**Task statement:** Using only the entries below, copy exactly the lines that begin at the one with "Hành trình giá" and end at the one with "ベビー服やブランケットなど、", both included. Drop the pictures.

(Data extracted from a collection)

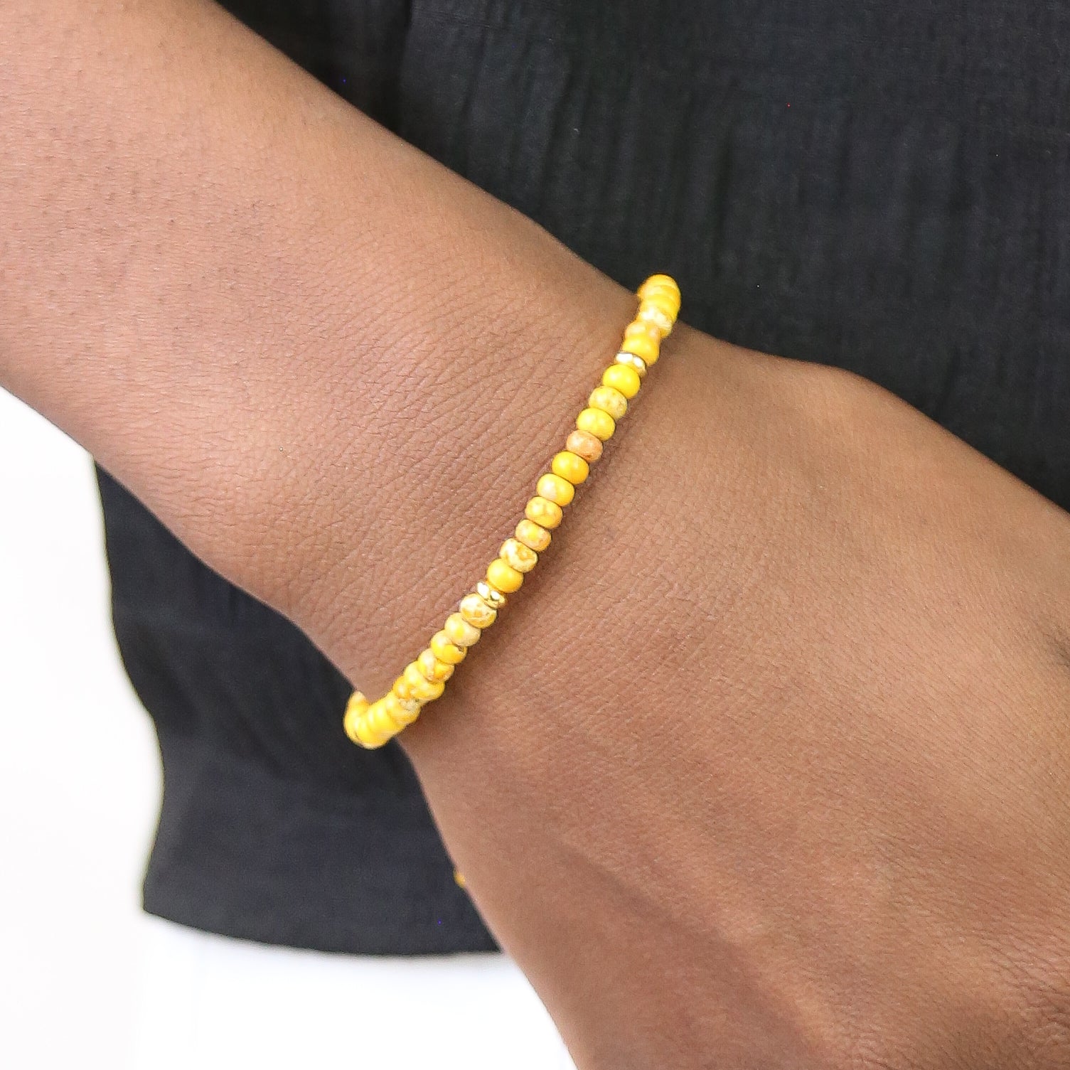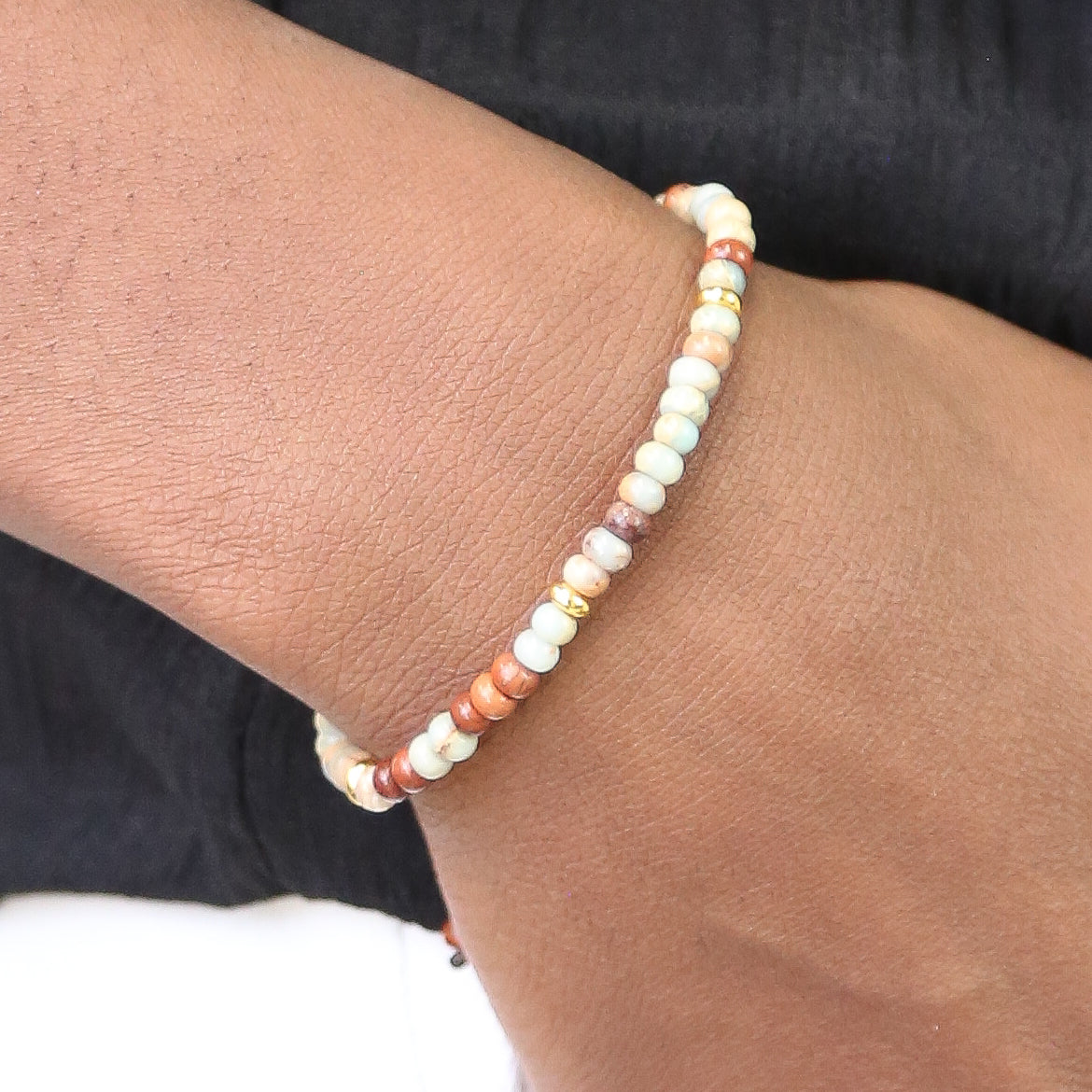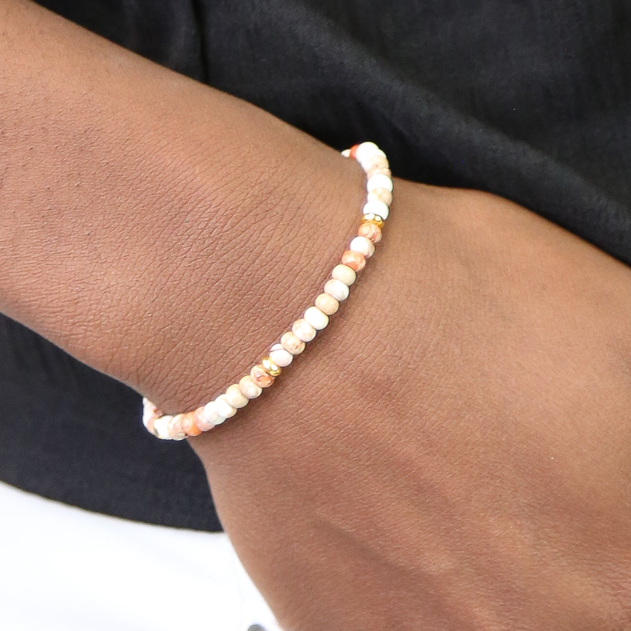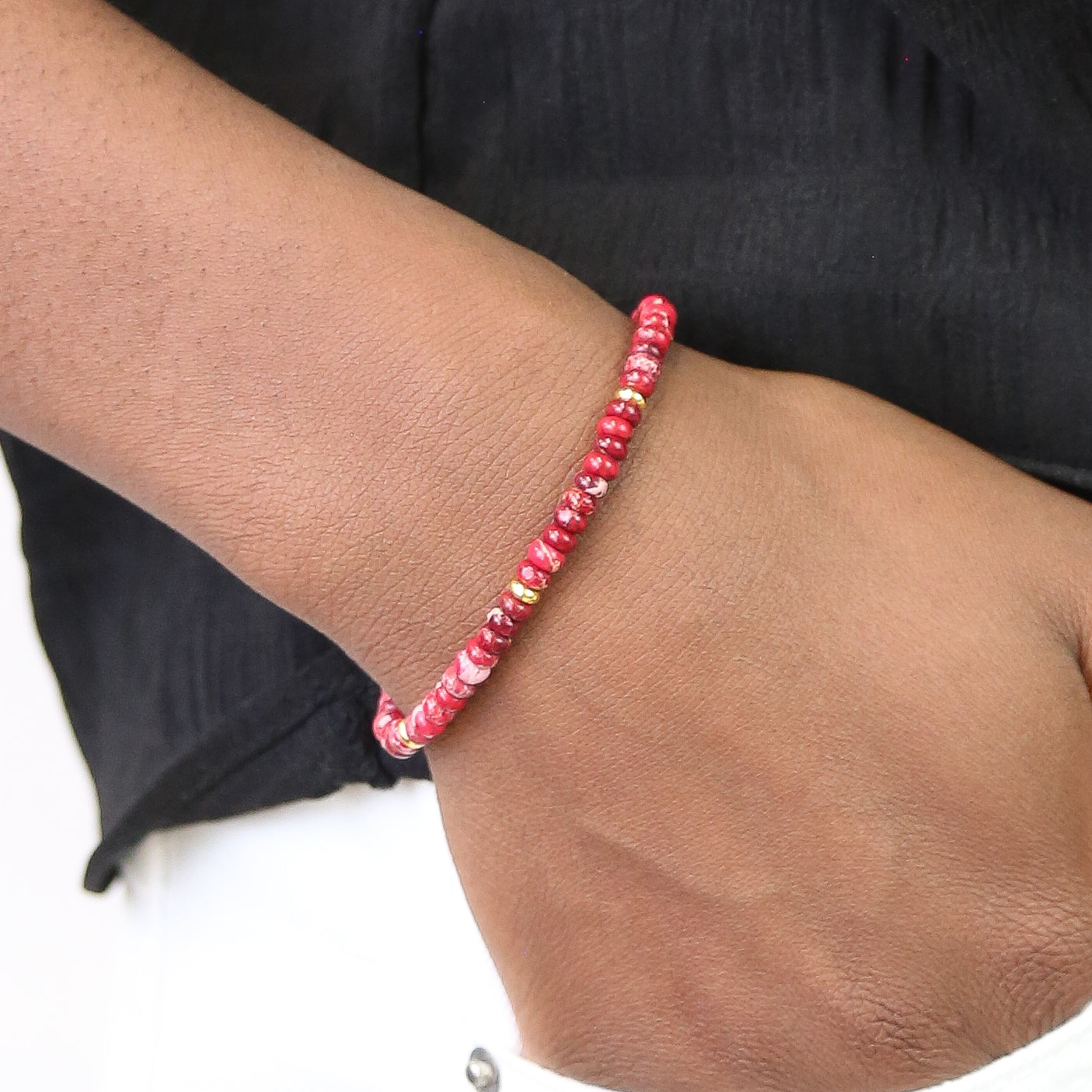 This stunning accent bracelet known as 'Stoned Oval' in multiple different colors, is made of high quality stone beads. With adjustable sizing, its perfect for anyone and everyone! Gold beads separating the stones add a gorgeous touch! Add it to your bracelet collection or become the favorite gift giver this holiday season!
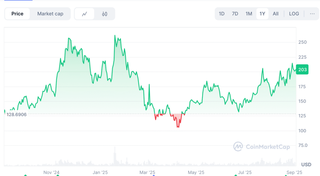 Hành trình giá của Solana đã được đánh dấu bởi những đợt tăng giá nhanh chóng và các giai đoạn điều chỉnh. Sau khi đạt mức cao nhất mọi thời đại khoảng $294 vào đầu năm 2025, SOL đã trải qua một đợt giảm giá đáng kể nhưng đã ổn định kể từ đó. Tính đến tháng 09/2025, Solana đang giao dịch gần $200, điều chỉnh trong một phạm vi tích lũy rộng.
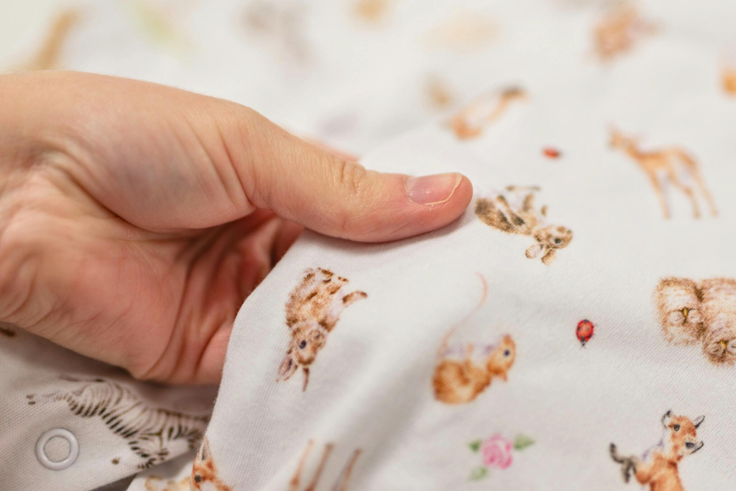 ベビー服やブランケットなど、直接肌に触れる商品では「100%コットン」を採用。有害物質を一切含まない高級素材を使用しているので、安心してお使いいただけます。
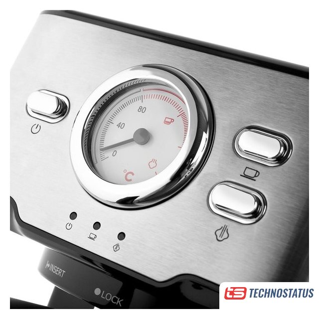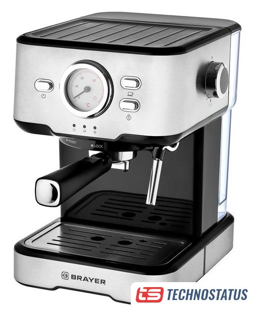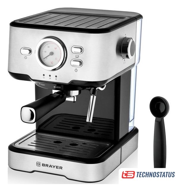 рожковая помповая кофеварка, 1200 Вт, корпус металл/пластик, капучинатор ручной, используемый кофе: молотый, цвет нержавеющая сталь/черный
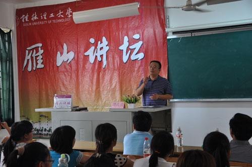 2011年9月13日下午4:30,受学校邀请,南宁建宁水务投资集团有限责任公司党委书记、董事长谭良良高级工程师在雁山校区05201教室为给水排水工程及相关专业同学做了一场报告,开始了本学期我校雁山讲坛的第一讲。讲座由环境科学与工程学院院长王敦球教授主持。
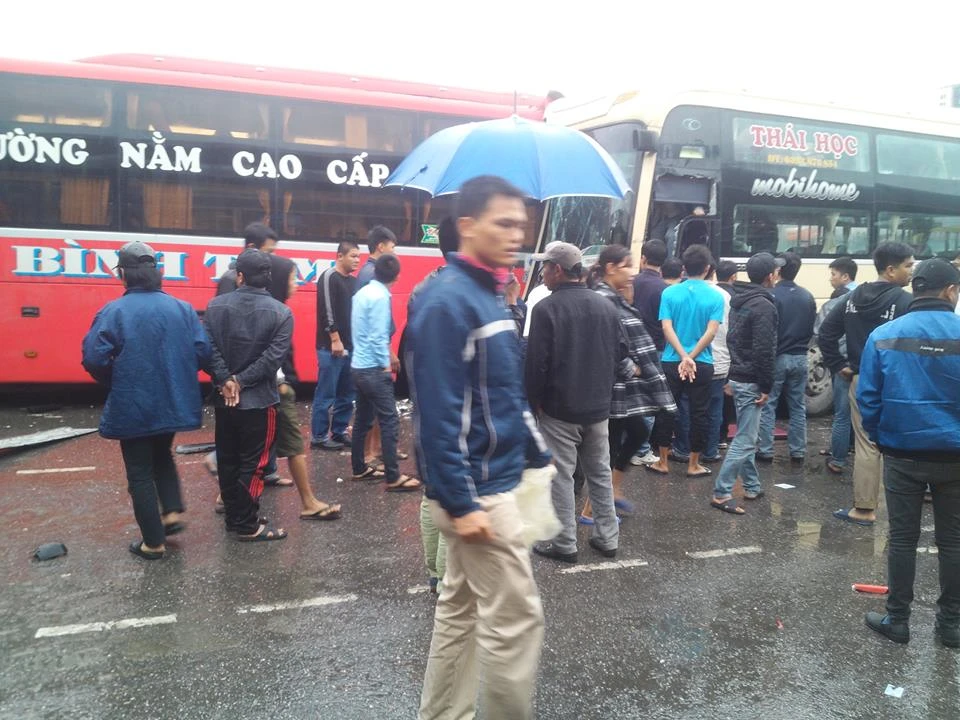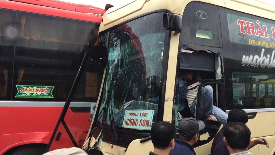 Sau khi quệt vào chiếc xe mang BKS 38B-005.66, chiếc xe của nhà xe Thái Học đã lao thẳng sang bên kia luồng, đâm trực diện vào chiếc xe khách đang đỗ mang BKS 37S-7253 của nhà xe An Bình Tâm.
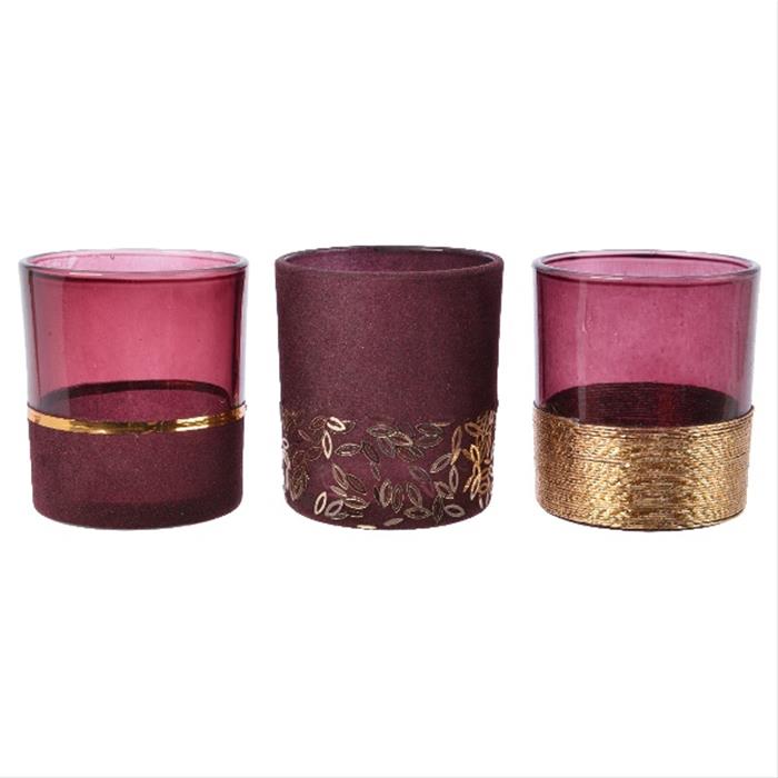 Svícen na čajovku válec zlatý lem skleněný 8cm vínový mix
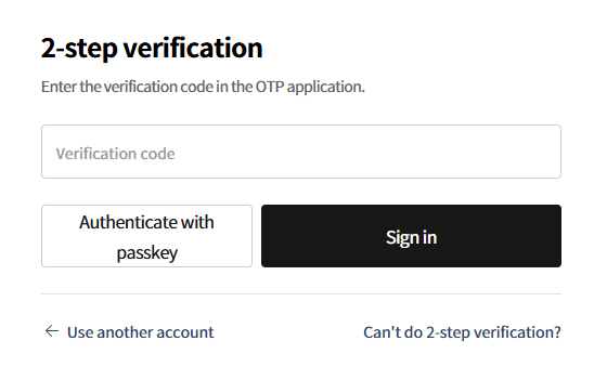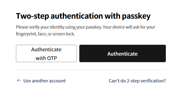 인증 수단으로 OTP와 패스키(Passkey) 중에 선택하여 2단계 인증을 수행할 수 있습니다.
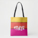 Este saco de tote de tamanho médio na moda é mostrado em magenta, tangerina e amarelo com uma faixa escura fina e alças em um bloco de cor listrada com o texto especial Vegas. Personalize este item ou comprar como está.

**Task output:**
 Hành trình giá của Solana đã được đánh dấu bởi những đợt tăng giá nhanh chóng và các giai đoạn điều chỉnh. Sau khi đạt mức cao nhất mọi thời đại khoảng $294 vào đầu năm 2025, SOL đã trải qua một đợt giảm giá đáng kể nhưng đã ổn định kể từ đó. Tính đến tháng 09/2025, Solana đang giao dịch gần $200, điều chỉnh trong một phạm vi tích lũy rộng.
 ベビー服やブランケットなど、直接肌に触れる商品では「100%コットン」を採用。有害物質を一切含まない高級素材を使用しているので、安心してお使いいただけます。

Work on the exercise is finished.